Apenas um brasileiro em um milhão é capaz de entender o emaranhado das falcatruas varejadas pela Lava Jato. Mas todo brasileiro que já entrou em pânico quando sobrou mês no fim do salário sabe o que é um recibo de aluguel. A simples suspeita de que Lula não consegue explicar o aluguel de um apartamento que utiliza em São Bernardo é inquietantemente perturbadora.
Quem cuidava disso era dona Marisa, disse o pajé do PT quando Sergio Moro o interrogou sobre o aluguel do imóvel. As evidências disponíveis no processo e Antonio Palocci informam que era a Odebrecht quem resolvida tudo, não a ex-primeira dama. A defesa de Lula levou aos autos um lote de recibos. Ufa! São falsos, declara a força-tarefa de Curitiba. Hummmm!

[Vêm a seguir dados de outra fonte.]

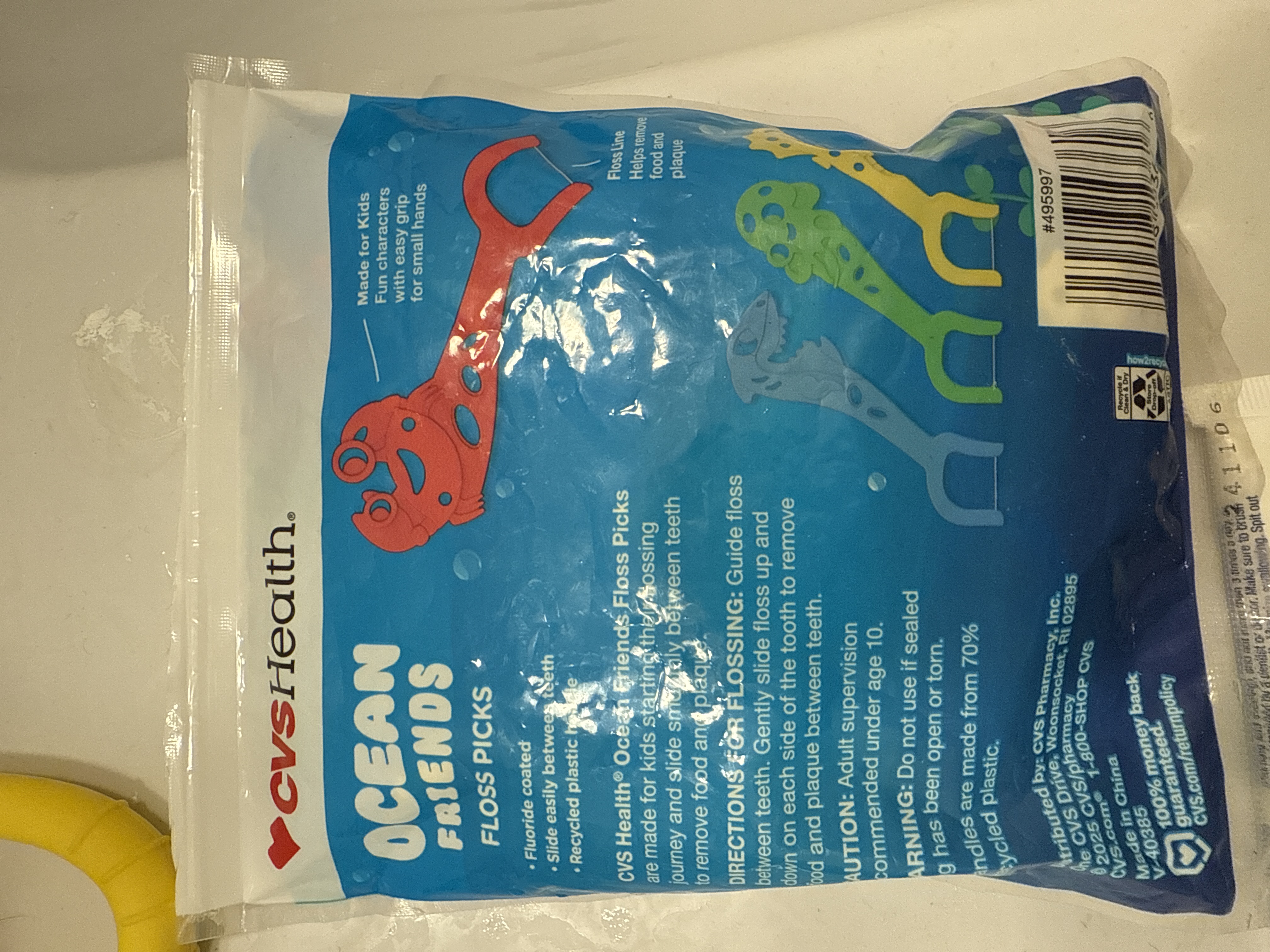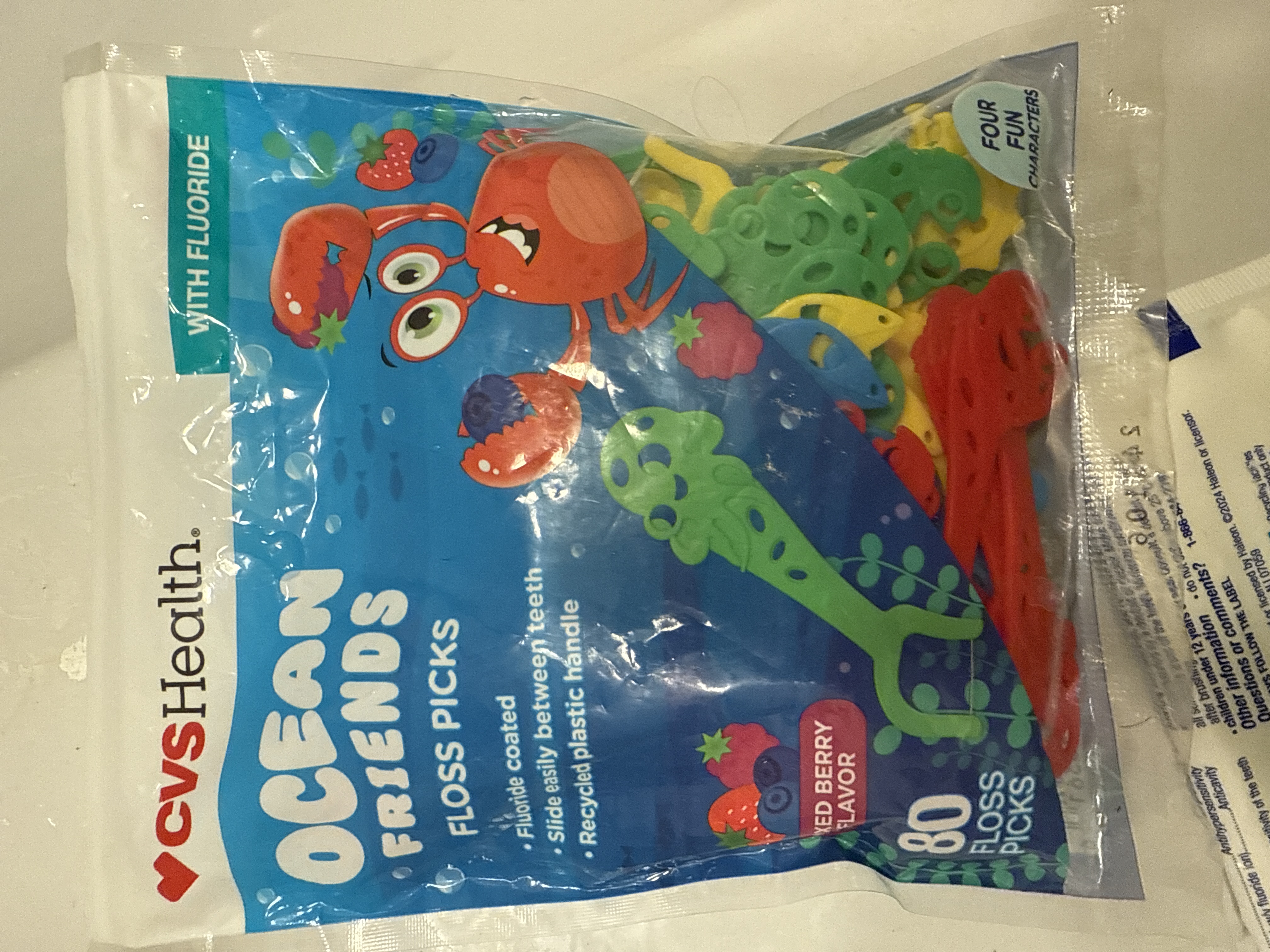 A new, factory-sealed package of CVS Health Ocean Friends Floss Picks with Fluoride. The clear plastic bag contains 80 colorful, plastic floss picks, visibly featuring various sea creature shapes including crab, mermaid, shark, and seahorse, presented in red, green, yellow, and blue. The packaging specifies “Mixed Berry Flavor,” “fluoride coated” floss, and handles made from 70% recycled plastic, all under a “Four Fun Characters” theme. Visible text includes usage directions, caution and warning labels, and manufacturing details indicating “Made in China” and distribution by CVS Pharmacy, Inc., with a 2023 copyright. The overall style is卡通-like and playful, with ocean-themed illustrations on a blue background.
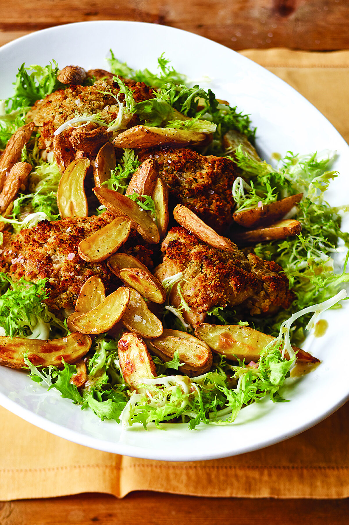 I’m so excited to share one of my favorite recipes from my new book, Cook Like a Pro! This one-dish dinner has everything I want – tender mustard chicken with a crunchy panko crust, roasted fingerling potatoes, and a crisp, cold frisée salad with plenty of mustardy vinaigrette. I could eat this for dinner every night! Hope you love it too! Click here for my Crispy Mustard Chicken & Frisée recipe.

Tomado pelo hábito de nunca saber de nada do que se passa sob suas barbas, Lula parece guiar-se por uma filosofia própria. Está baseada na seguinte premissa: alguém que veio ao mundo para salvar o Brasil não pode se preocupar com coisas banais como, digamos, um recibo de aluguel.
Vem daí, talvez, o inconformismo do ex-soberano petista com seus investigadores. Lula enxerga os procuradores como seres insensíveis. É uma gente incapaz de notar que o dinheiro movimentado ao seu redor, venha de onde vier, é mais do que merecido. Ah, até o Palocci diz que roubaram nas sondas da Petrobras? Ora, gruda-se na testa do companheiro a tarja de “traidor”. E toca-se a procissão.
Noutros tempos, o político que roubava mas fazia costumava reclamar para si uma cota de imunidade. Estava entendido que sua obra justificava seus pecados, quando não eram uma decorrência natural deles. Mas a rapina sistemática do país foi levada às fronteiras do paroxismo. A reação tornou-se inevitável.
Colecionador de processos, Lula já foi denunciado nove vezes pela Procuradoria. Seis dessas denúncias viraram ações penais. Numa, o ex-presidemte foi condenado por Moro a nove anos e meio de cadeia. Com uma rotina penal tão inquietante, se Lula não tiver como explicar o pagamento de um aluguel, talvez seja o caso de pensar numa autodelação. Seria mais honesto do que continuar exigindo dos seus devotos que façam o papel de idiotas.